Working on a ship can be exciting and provide you with a good living to support your family in New York, but these vessels can also present several injury risks. The good news is that you can take steps to protect yourself.

According to the Professional Mariner, one of the things you can do is check your documentation relating to the task and safety instructions. This documentation, often called the job safety analysis, should be specific in spelling out what it is you are supposed to do. If your job is to inspect a certain area of the ship, the JSA should tell you what to look out for, such as cracks, leaks or exposed wiring, and identify the part or area by its proper name. The JSA should also be updated to reflect any changes made since the last version, as well as the most efficient and correct procedure to follow.
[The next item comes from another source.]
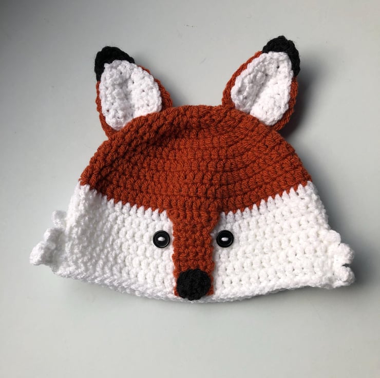 This cheeky fox hat is made from a beautiful autumnal burnt orange acrylic wool and is crocheted by Rachel and Ann. He has a lovely button eyes, a white ruffwhiskers and tall pointy ears. Each hat is carefully made and is unique, making it the perfect gift for little (and grown up!) fox fans. Its lovely thickness, from being made with aran weight yarn, makes it an ideal autumn and winter hat and is perfect for a stomp through you local woodland - maybe you will even spot a foxy friend!

A properly filled out work permit can also mitigate your risk of getting hurt on board. Whether your supervisor is putting this together or you are the one drafting it, you need to make sure that all of the following considerations have been evaluated:

  •          Forecasted and current weather conditions
  •          Pre-job planning level
  •          Other planned jobs that would be influenced by or affect the job
  •          Potential energy source isolations
  •          Environmental factors such as extreme heat in the work site or a small space in which to work
  •          Critical systems that could be affected by the work

Additionally, it is important that your supervisor look at your experience and skills to ensure that you have the know-how to perform the job task correctly. If there is someone more qualified, it may be better for that person to be assigned the job or for you to receive additional training.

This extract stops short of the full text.